Há pessoas, certamente os jogadores não são diferentes, que precisam de contacto físico. Como se ultrapassa isso durante um Europeu?
O foco deve ser: vamos fazer este sacríficio em função de um objetivo maior como chegar o mais longe possível no Euro. Cada vez mais há essa consciência por parte das famílias. Há esse compromisso da parte dos familiares, é o preço a pagar por outras coisas. Geralmente, diz-se que no desporto é preciso de abdicar de muita coisa. Considero que é um caminho alternativo, uma vez que os jogadores não têm as mesmas coisas que teriam se não tivessem essa profissão. No entanto, têm coisas que os restantes não têm.

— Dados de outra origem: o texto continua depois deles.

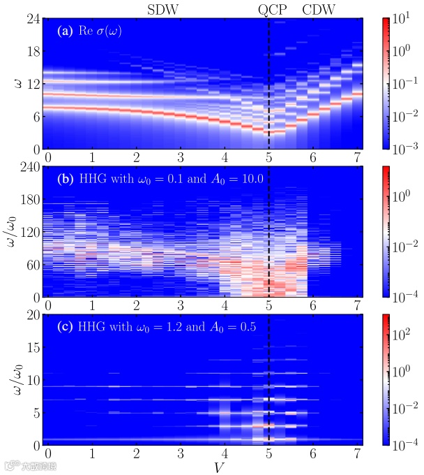 图1. 一维扩展Hubbard模型中光电导谱(上图)和高次谐波谱(中图、下图)
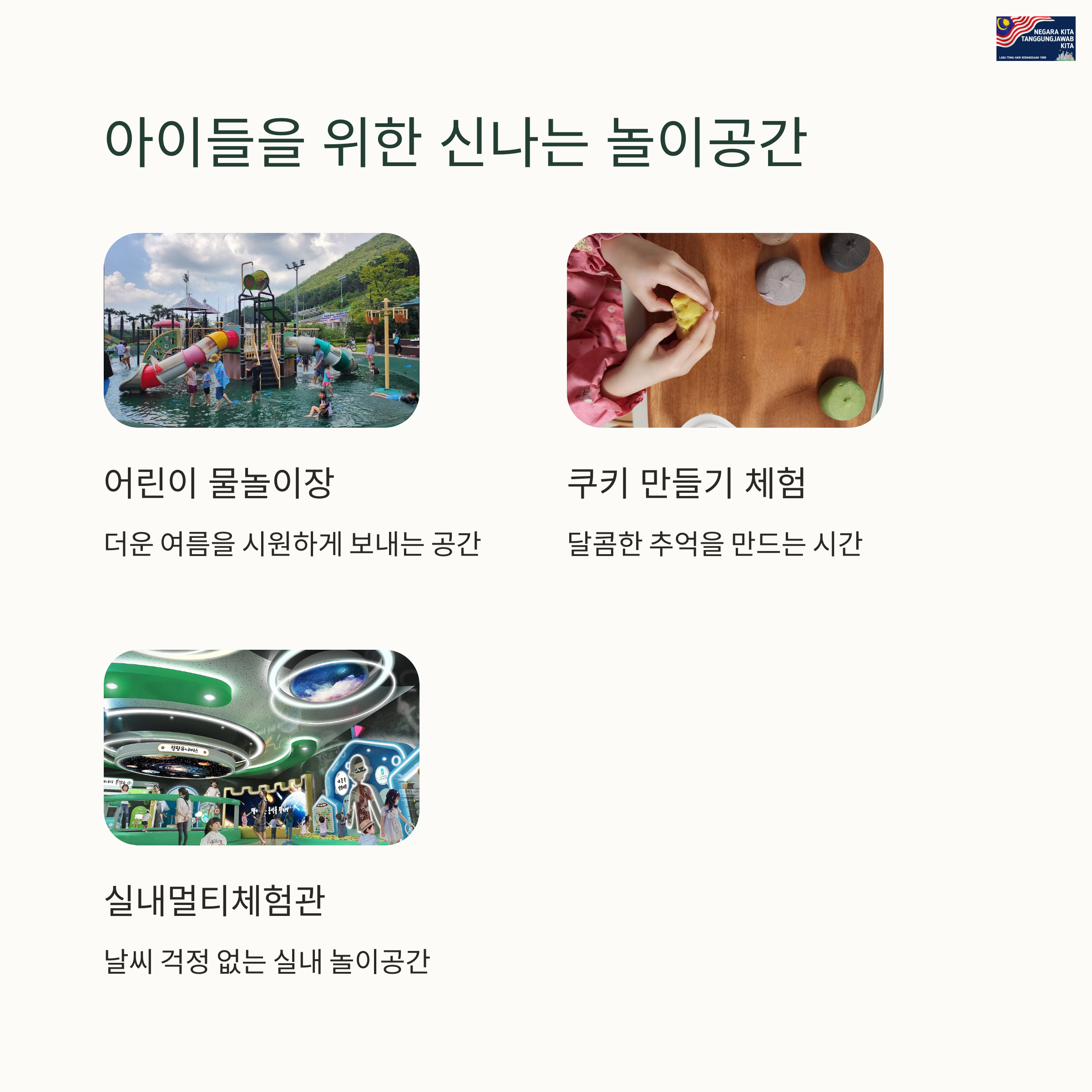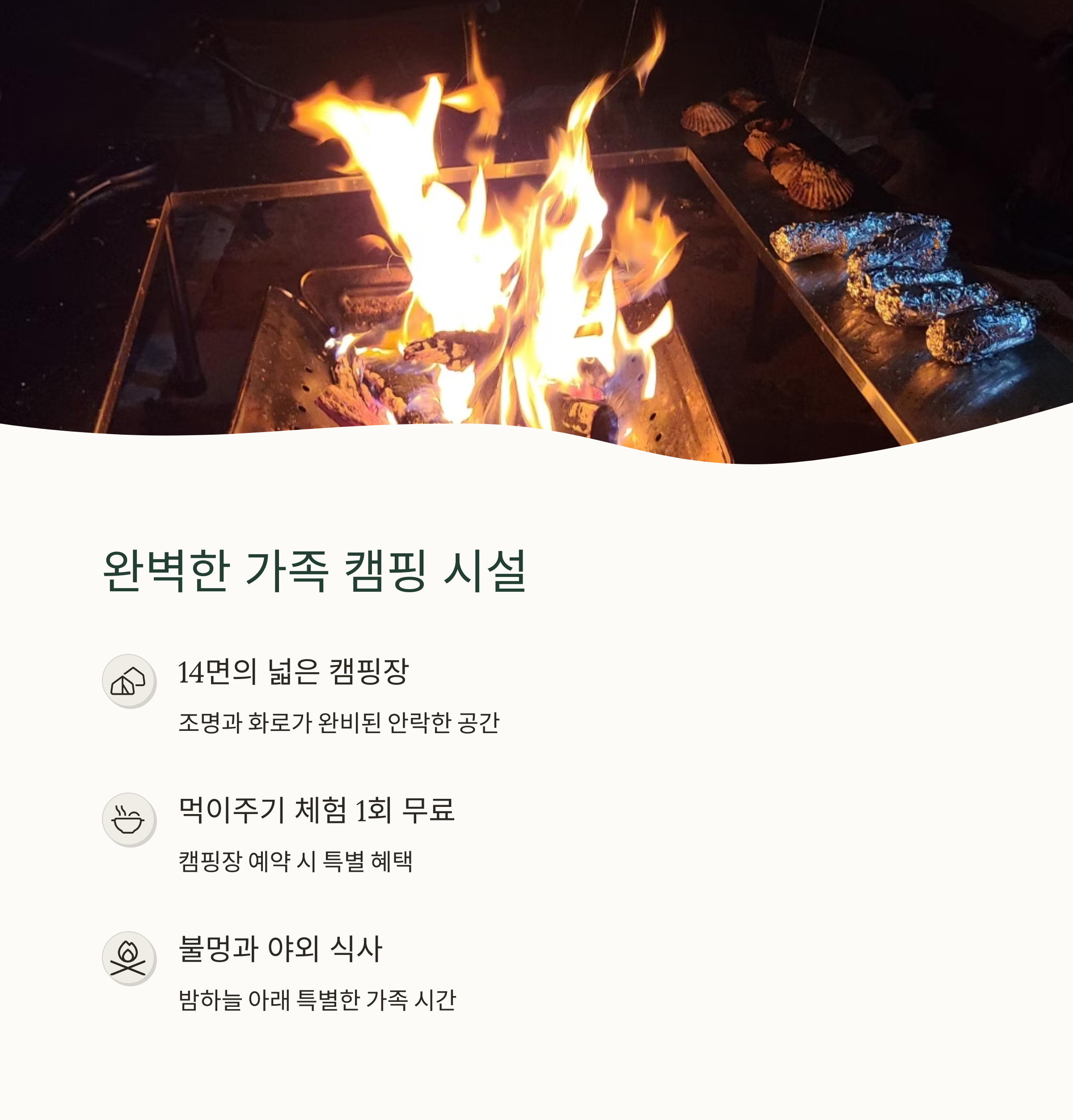 저녁 시간이 되면 캠핑장 분위기는 더욱 특별해집니다. 텐트 조명과 감성 화로로 꾸며진 사이트마다 불멍을 즐기거나, 가족끼리 고기를 구워 먹는 모습이 가득하고, 조용한 숲속 분위기와 동물 소리가 어우러지며 아이에게도 잊지 못할 추억이 됩니다. 여름에는 작은 수영장과 잔디밭 놀이터도 함께 운영돼 낮 시간도 알차게 보낼 수 있습니다.
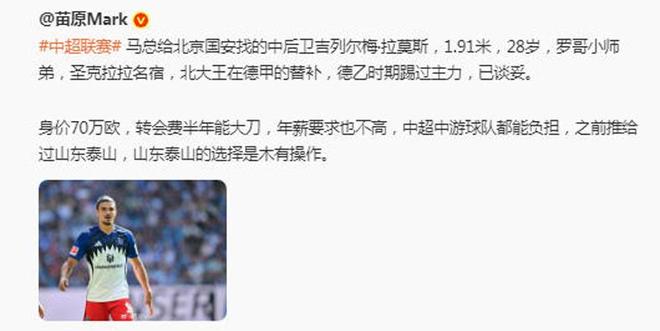 莫斯与汉堡的合同将于本赛季结束后到期,转会费将为10万欧元。目前德转身价为70万欧元。该媒体称,国安已要求拉莫斯周二在汉堡完成了体检。德甲保级队替补,踢中超够用了!有球迷调侃:“转会费便宜,不会有大坑吧!”“这可是方昊留下的转会费啊。”“方昊换个中卫外援,合适。”
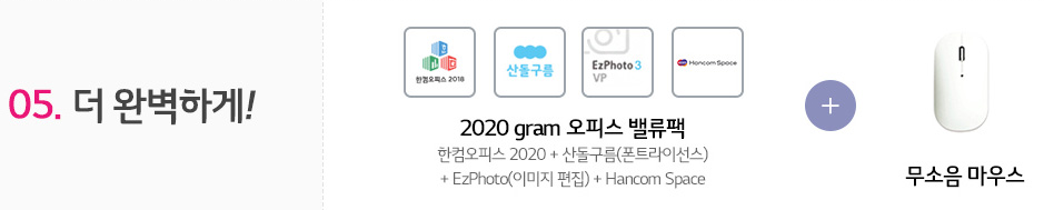 다섯 번째 혜택은 2020 그램 오피스 밸류팩과 무소음 마우스 증정입니다. 2020 그램 오피스 밸류팩에는 한컴 오피스 2020과 산돌구름 폰트, 이지포토, 한캠 스페이스를 포함하고 있습니다. 별도의 오피스 프로그램을 사지 않아도 되고 세련된 폰트로 감각적인 문서 작업이 가능하니 특히 과제가 많은 대학생분들이나 문서 작업이 많은 직장인분들이 주목해봐야 할 혜택입니다. 또한 독서실이나 도서관에서 활용성이 높은 무소음 마우스도 증정되니 이점 참고해 두시면 좋을 것 같습니다.
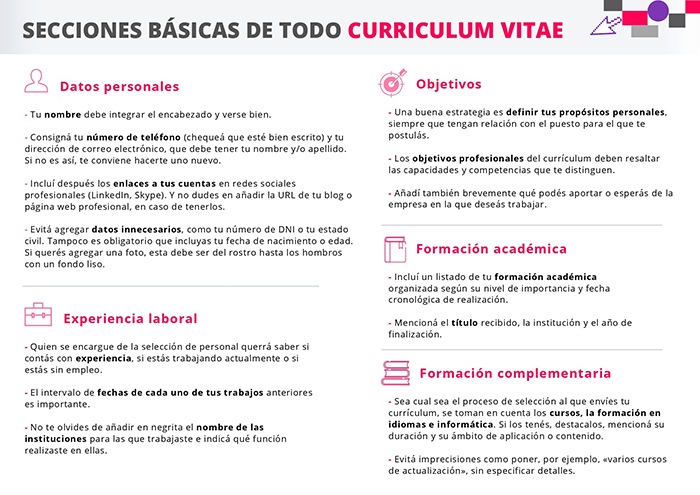 Aunque existen distintos tipos de currículum según el formato y el diseño, hay información que todos deben incluir, datos imprescindibles para quien hace la selección de personal. Se trata de las secciones básicas de todo CV (hacé clic acá para descargarlas).
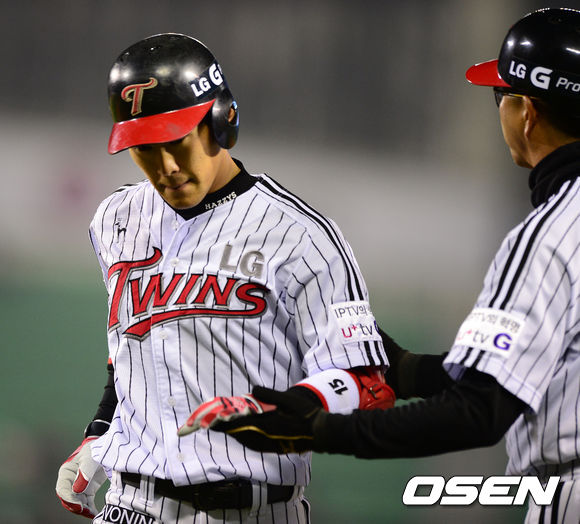 25일 오후 서울 잠실야구장에서 열린 '2013 한국야쿠르트 세븐 프로야구' LG 트윈스와 삼성 라이온스의 경기, 5회말 1사 3루에서 LG 정주현이 희생플라이로 동점을 만들고 김인호 코치와 하이파이브를 하고 있다.
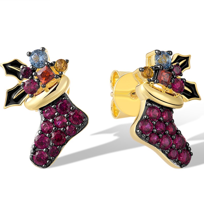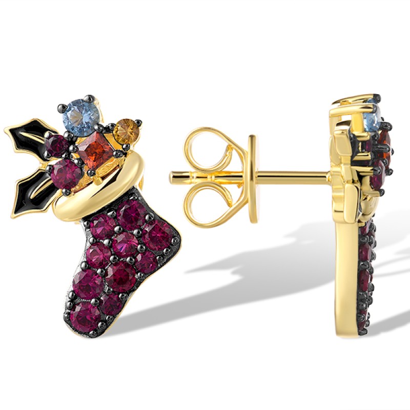 Sterling Silver w/ Yellow Black Plating Earrings Created Ruby,Enamel,Garnet Cubic Zirconia,Synthetic Blue Spinel,Synthetic Yellow Spinel (E321655ENASC925)
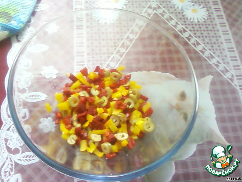 • Перец нарезаем небольшими кубиками, оливки кольцами и замачиваем все в рассоле от оливок на 15 мин. Отжимаем и выкладываем в салатник.
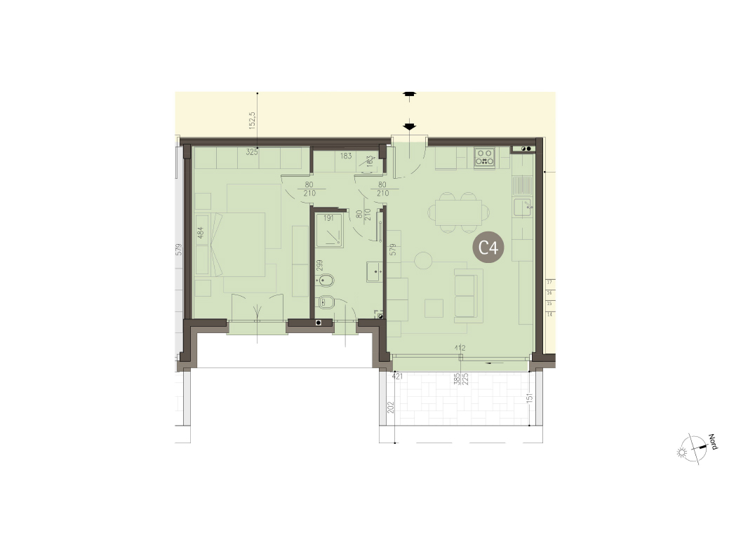 Bilocale a Piano Terra con soggiorno con cucina a vista, una camera, un bagno, disimpegno e portico di 7 mq. Classe energetica A3 valore di progetto. Le immagini e la rappresentazione grafica dei prodotti (immagini, dati tecnici e descrizioni) è realizzata al solo scopo di illustrare il prodotto ed è puramente indicativa. I prodotti possono pertanto differire da quanto rappresentato.
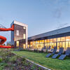 Dienende Bereiche umhüllt mit haltgebendem Klinker stehen in einem Wechselspiel mit transparenten, Natur und Außenanlagen in sich ziehenden Dialog. Ein Konzept mit Fokus auf besondere Details, Materialien und auf innere Betriebsabläufe hin optimiert.
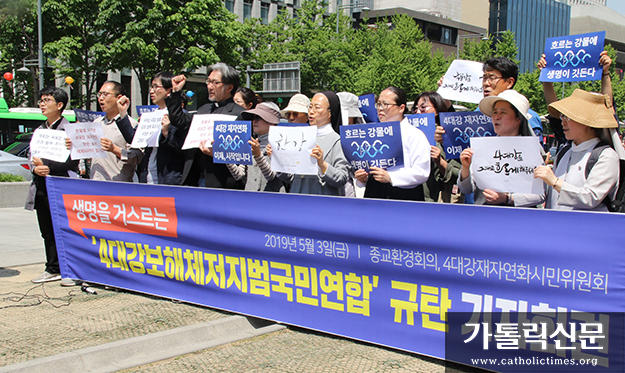 5개 종교 환경단체 연합체인 종교환경회의(상임대표 양기석 신부)는 5월 3일 오전 11시 서울 광화문광장에서 4대강보해체저지범국민연합 규탄 기자회견을 열고 4대강을 살리기 위해 종교계가 더욱 박차를 가하겠다고 밝혔다. 5개 종교 환경단체는 천주교창조보전연대와 기독교환경운동연대·불교환경연대·원불교환경연대·천도교한울연대로, 회견에는 182개 환경단체로 구성된 4대강재자연화시민위원회도 함께 했다.
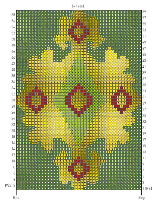 work the 56- row Panel 1 chart across the middle 19 stitches 3 times,
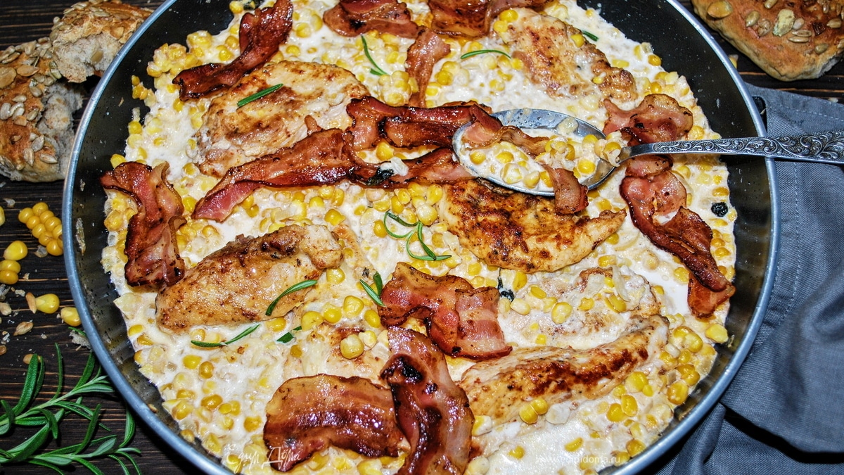 Куриное филе в сливочном соусе с беконом и кукурузой
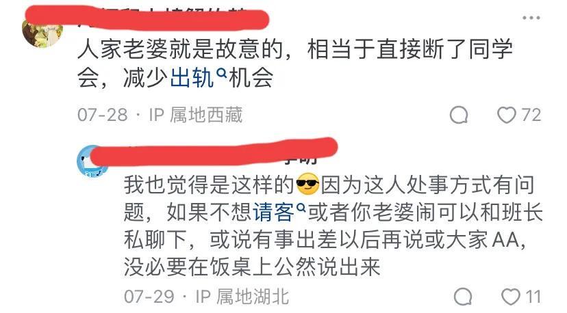 也有网友分享了自己的经历:我们毕业10年还聚了一次,感觉现在应该聚不起来了。比如疫情期间同学群一直在争执,感觉人生观价值观世界观都分歧太大了,无法再聚了。
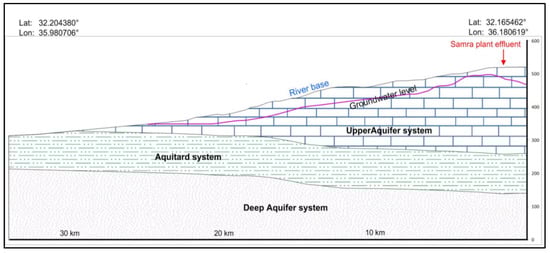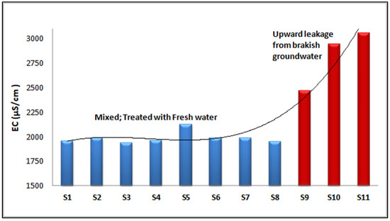 Based on the above results, we concluded that the quality of treated water is improved due to the enhanced performance and efficiency of As Samra Treatment Plant. Also, due to natural purification along the river: the analyses of BOD5, COD, and DO clearly demonstrated that. Further, this environmental recovery directly boosted agriculture in terms of production and quality. However, it was clear that Electrical Conductivity (EC) is increased in the downstream area. To further assess the impact of treated wastewater on agriculture, we considered EC as one of the indicators, and therefore we examined EC values along the study area. The analysis shows that EC values measured at the 11 sampling points are in the range of approximately 1900–3100 µS/cm. Sampling points 1 through 8 shows EC ranging from 1938 to 2122 with an average of 1987 µS/cm. On the other hand, samples collected at points 9–11 showed EC ranging from 2468 to 3060 with an average of 2825 µS/cm. The collected data suggests that elevated EC toward the downstream area is not related to the surface water or wastewater treatment process: it is, however, due to upward leakage of brackish groundwater from the sandstone (Kurnub) aquifer (Figure 8).
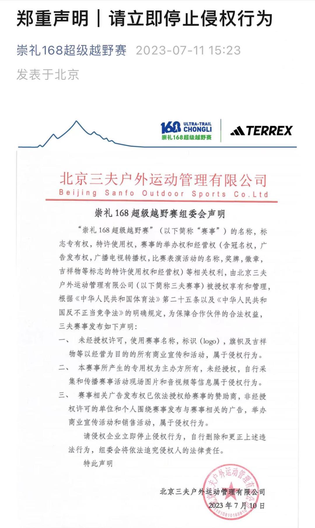 赛事主办运营方三夫户外对此不满,活动结束后在168的官方公众号发表声明,要求相关户外运动品牌停止侵权行为。声明发出后,这些品牌大多都删掉了活动前招募战队的推送。与此同时,这份声明也在越野跑赛事圈里引起争议。本文针对这类行为进行相关法律分析,希望能给未来围绕各大型体育赛事的营销,提供可借鉴的合规思路。
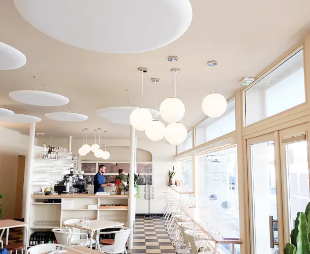 La suspension Kinô concilie acoustique et éclairage. Cette association fonctionnelle permet d’apporter une touche déco et chaleureuse à tous vos types d’espaces. Créez une ambiance feutrée et apportez une touche design à vos espaces commerciaux.
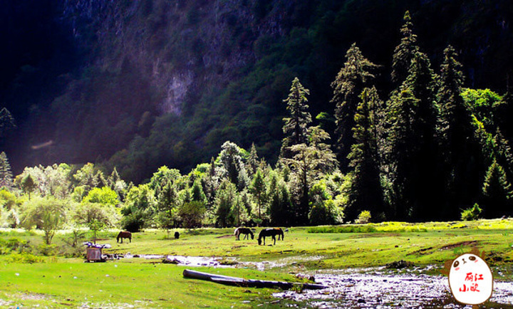 原始丛林中的高山草甸 ,沐浴在清晨金色的晨光之下,清澈的小溪在草甸间静静流淌,牦牛和马匹在草地上静静觅食,一幅充满诗意的风光写真画就呈献在我们眼前。

Regra geral só lembramos os aspetos positivos da vida de um futebolista.
Sim. O bem-estar das famílias contribui para que os atletas estejam bem. Há cosias que as famílias ‘escondem’ quando dá até ao fim das competições porque sabem que os jogadores têm de estar bem. Se há um problema familiar e der para camuflar… lembro-me de situações em que isso aconteceu para que o rendimento de um atleta não fosse comprometido.
Normalmente temos a sensação de que o treino mental é só quando acontece algo mau, não concorda?
Sim, concordo. Mas deve ser um trabalho de prevenção. Claro que, por vezes, é importante dar estratégias para remediar o que aconteceu. Mas o trabalho do psicólogo é mais de prevenção no sentido de evitar que certas coisas aconteçam. Se os jogadores tiveram estratégias para lidar com os erros, provavelmente não se vão sentir tão mal com isso e vão superar a situação mais rápido. É certo que vão surgir dúvidas, baixas de forma, mas se houver ferramentas para lidar com isso, o rendimento não será afetado de forma tão negativa e os jogadores não vão baixar tanto. Podem existir oscilações, mas não serão tão grandes como seriam se não tivéssemos essas estratégias mentais.